→ **Work to be completed**
All of the lines below are to be transcribed faithfully, with pictures excluded from the copy.

→ **Extracted entries**
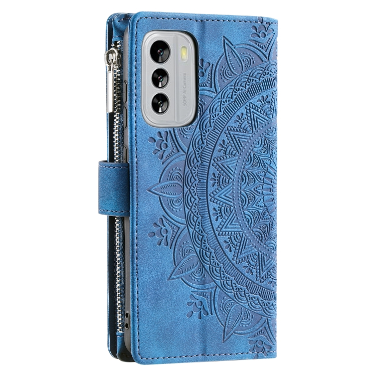 Funda para Nokia G60 de Cuero con Cremallera Totem y Múltiples Tarjetas (Azul)
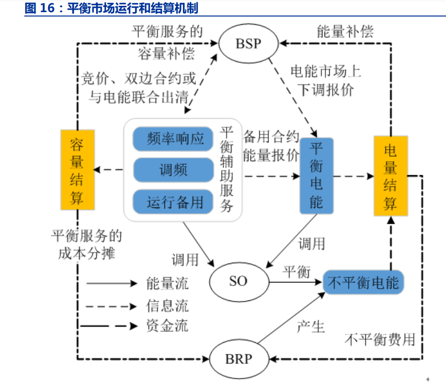 歐洲的平衡市場源于 2017 年 12 月 23 日歐盟委員會 EB 條例,該條例給出一個指導(dǎo) 方針,使得各國可以在平衡市場中共享資源,從而使發(fā)電量始終與用電量相等。從實際達 成的效果來看,歐洲平衡市場與我國的調(diào)頻輔助服務(wù)類似。 在平衡市場中,調(diào)度智能歸于 TSO 或者 DSO,參與平衡市場運行和結(jié)算的市場成員 包括 BSP(BalanceServiceProvider,BSP)和 BRP(BalanceResponsibilityParty,BRP) 等。其中 BSP 提供平衡資源,在實際運行中根據(jù)系統(tǒng)頻率變化或調(diào)度指令改變自身出力以 幫助系統(tǒng)恢復(fù)平衡,BRP 是承擔責任并參與不平衡結(jié)算的市場成員。
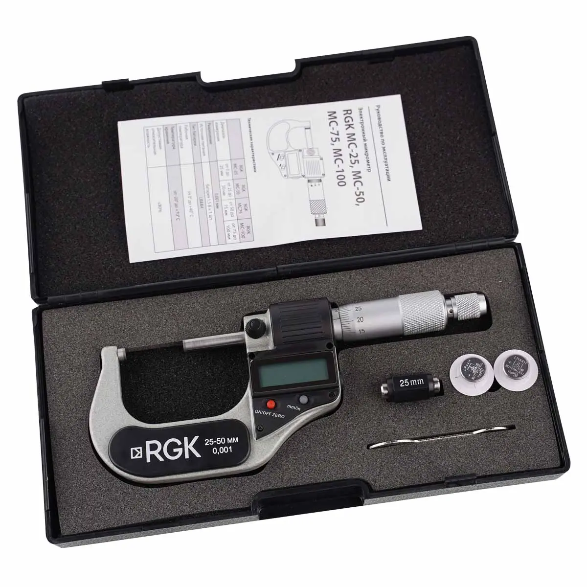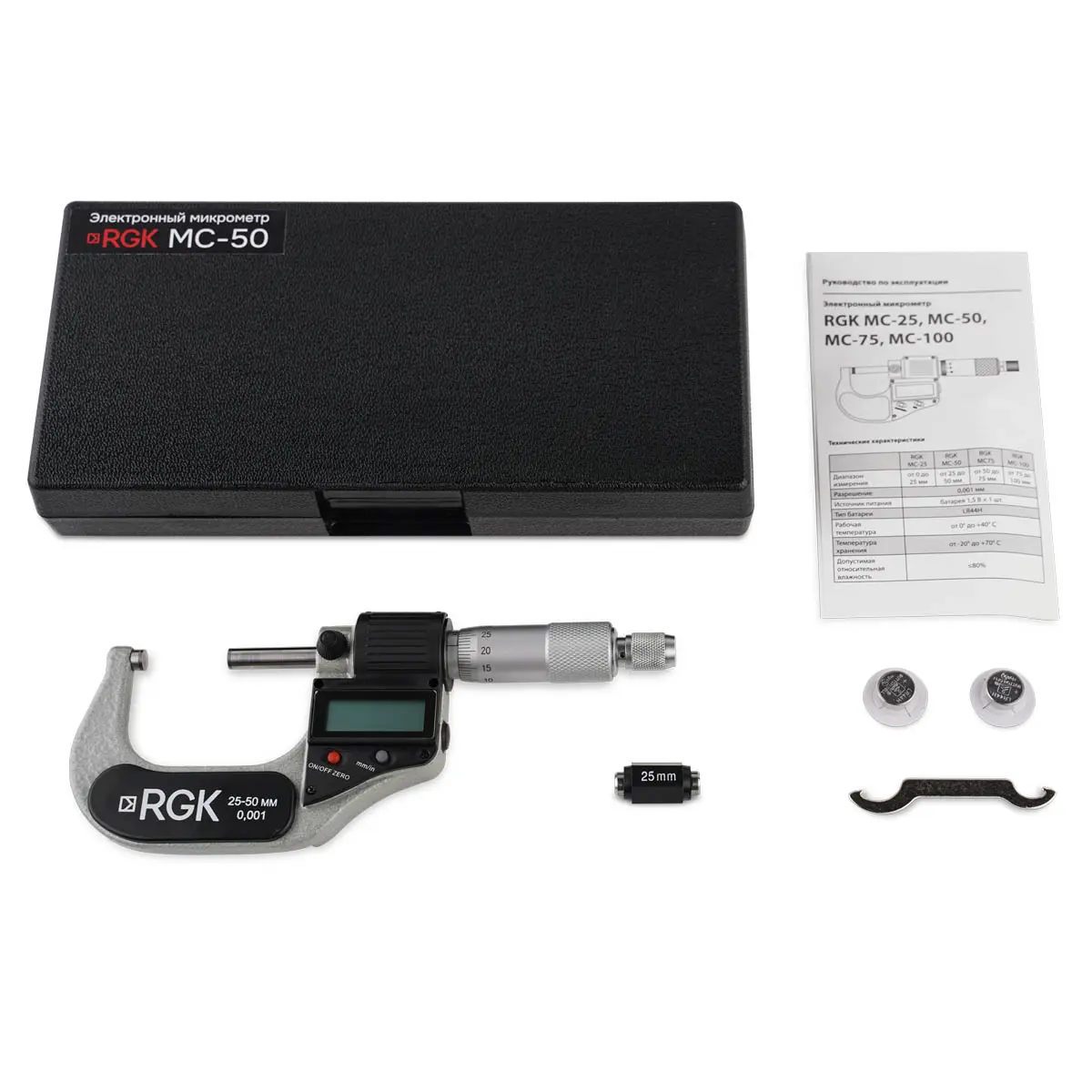 Купить электронный микрометр RGK MC-50, а также получить консультацию специалистов об особенностях и преимуществах данного изделия вы можете в нашем магазине , связавшись с нами по телефону или непосредственно через сайт – с помощью формы обратной связи или воспользовавшись чатом с онлайн-консультантом.
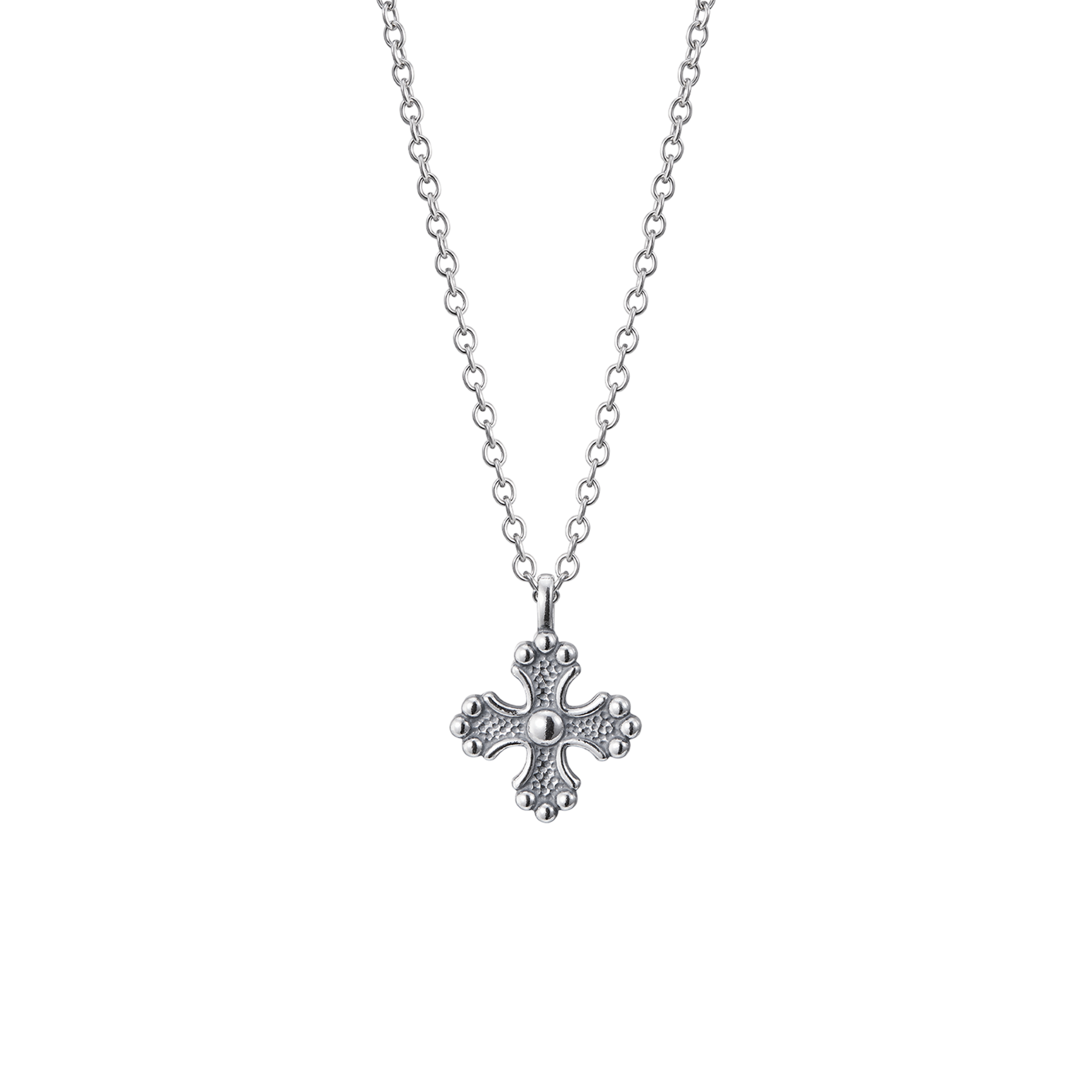 A piece of history you can wear, the Kaukola Cross silver necklace carries a design that traces back to the 14th century. Its softly textured surface and balanced proportions give it a quiet, timeless presence. Handcrafted in Finland from sterling silver, the cross hangs from an adjustable anchor chain that suits everyday wear for any age. Finished with a secure spring ring clasp, this necklace blends ancient symbolism with modern simplicity, making it a meaningful keepsake for years to come.
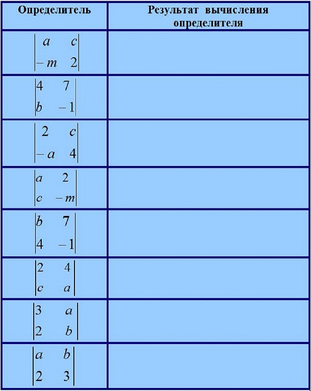 Разместите результат вычисления определителей в таблице. В окно ответа запишите номера результов вычисления подряд без пробелов и запятых.
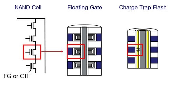 ▲3D 플로팅 게이트 vs. 3D CTF 비교
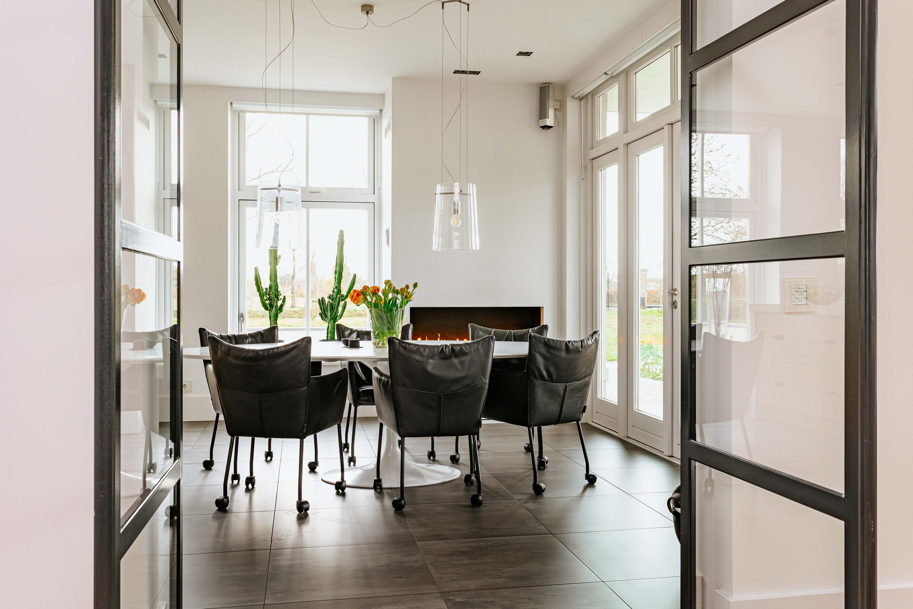 Aan de voorzijde van de woning is de grote luxe woonkeuken, voorzien van een spoeleiland en luxe inbouwapparatuur, een gashaard en openslaande deuren naar het terras. De grote sfeervolle woonkamer heeft eveneens een gashaard, openslaande deuren naar het terras en via stalen draaideuren toegang tot de woonkeuken en de royale gezellige eetkamer. Verborgen achter een deur in de hal bevindt zich de luxe drie-eenheid van slaapkamer, kleedkamer en badkamer. Deze royale ouderslaapkamer met gashaard heeft uitzicht op en toegang tot de tuin. Ook is er een separaat toilet.
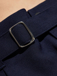 pleated belted shorts Highlights - Navy blue - High-waisted - Front pleats - Detachable belt - Side pockets - Tailored cut Imported Composition Wool 100%
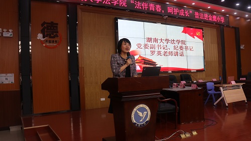 罗英副书记在致辞中强调,从青少年的行为与认知能力特点及青少年团伙犯罪增多,犯罪向低龄化发展的现状出发,青少年普法活动具有明显的重要性和紧迫性,她向小同学们发出从小树立对法治的信仰,培养学法守法懂法用法的良好习惯,成长为有理想有道德有文化有纪律的社会主义接班人的号召;向在座的老师们提出倡议,携手让更多的孩子从普法活动中受益。
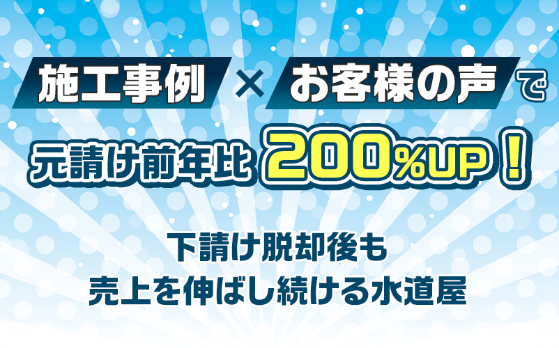個人の問い合せ前年比200%増 うち、WEBは50%(∔約700万円) 受注率90% 思い切って下請けを辞めても売上は増え続けている。
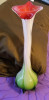 These litlle glass bottls are red glass with blown glass tops. the tops are pourous.
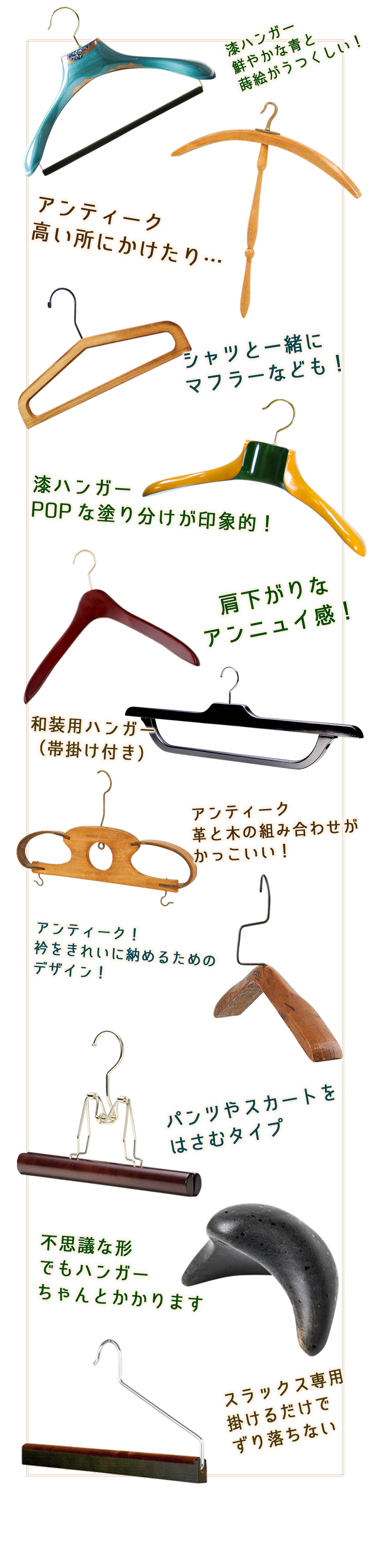 ハンガーは昔から、人々のファッションとライフスタイルに関わってきたプロダクトです。これから先も、大切なふく(服と福)をかけるモノとして生活の中に存在し続けることでしょう。

→ **The answer**
 Funda para Nokia G60 de Cuero con Cremallera Totem y Múltiples Tarjetas (Azul)
 歐洲的平衡市場源于 2017 年 12 月 23 日歐盟委員會 EB 條例,該條例給出一個指導(dǎo) 方針,使得各國可以在平衡市場中共享資源,從而使發(fā)電量始終與用電量相等。從實際達 成的效果來看,歐洲平衡市場與我國的調(diào)頻輔助服務(wù)類似。 在平衡市場中,調(diào)度智能歸于 TSO 或者 DSO,參與平衡市場運行和結(jié)算的市場成員 包括 BSP(BalanceServiceProvider,BSP)和 BRP(BalanceResponsibilityParty,BRP) 等。其中 BSP 提供平衡資源,在實際運行中根據(jù)系統(tǒng)頻率變化或調(diào)度指令改變自身出力以 幫助系統(tǒng)恢復(fù)平衡,BRP 是承擔責任并參與不平衡結(jié)算的市場成員。
 Купить электронный микрометр RGK MC-50, а также получить консультацию специалистов об особенностях и преимуществах данного изделия вы можете в нашем магазине , связавшись с нами по телефону или непосредственно через сайт – с помощью формы обратной связи или воспользовавшись чатом с онлайн-консультантом.
 A piece of history you can wear, the Kaukola Cross silver necklace carries a design that traces back to the 14th century. Its softly textured surface and balanced proportions give it a quiet, timeless presence. Handcrafted in Finland from sterling silver, the cross hangs from an adjustable anchor chain that suits everyday wear for any age. Finished with a secure spring ring clasp, this necklace blends ancient symbolism with modern simplicity, making it a meaningful keepsake for years to come.
 Разместите результат вычисления определителей в таблице. В окно ответа запишите номера результов вычисления подряд без пробелов и запятых.
 ▲3D 플로팅 게이트 vs. 3D CTF 비교
 Aan de voorzijde van de woning is de grote luxe woonkeuken, voorzien van een spoeleiland en luxe inbouwapparatuur, een gashaard en openslaande deuren naar het terras. De grote sfeervolle woonkamer heeft eveneens een gashaard, openslaande deuren naar het terras en via stalen draaideuren toegang tot de woonkeuken en de royale gezellige eetkamer. Verborgen achter een deur in de hal bevindt zich de luxe drie-eenheid van slaapkamer, kleedkamer en badkamer. Deze royale ouderslaapkamer met gashaard heeft uitzicht op en toegang tot de tuin. Ook is er een separaat toilet.
 pleated belted shorts Highlights - Navy blue - High-waisted - Front pleats - Detachable belt - Side pockets - Tailored cut Imported Composition Wool 100%
 罗英副书记在致辞中强调,从青少年的行为与认知能力特点及青少年团伙犯罪增多,犯罪向低龄化发展的现状出发,青少年普法活动具有明显的重要性和紧迫性,她向小同学们发出从小树立对法治的信仰,培养学法守法懂法用法的良好习惯,成长为有理想有道德有文化有纪律的社会主义接班人的号召;向在座的老师们提出倡议,携手让更多的孩子从普法活动中受益。
個人の問い合せ前年比200%増 うち、WEBは50%(∔約700万円) 受注率90% 思い切って下請けを辞めても売上は増え続けている。
 These litlle glass bottls are red glass with blown glass tops. the tops are pourous.
 ハンガーは昔から、人々のファッションとライフスタイルに関わってきたプロダクトです。これから先も、大切なふく(服と福)をかけるモノとして生活の中に存在し続けることでしょう。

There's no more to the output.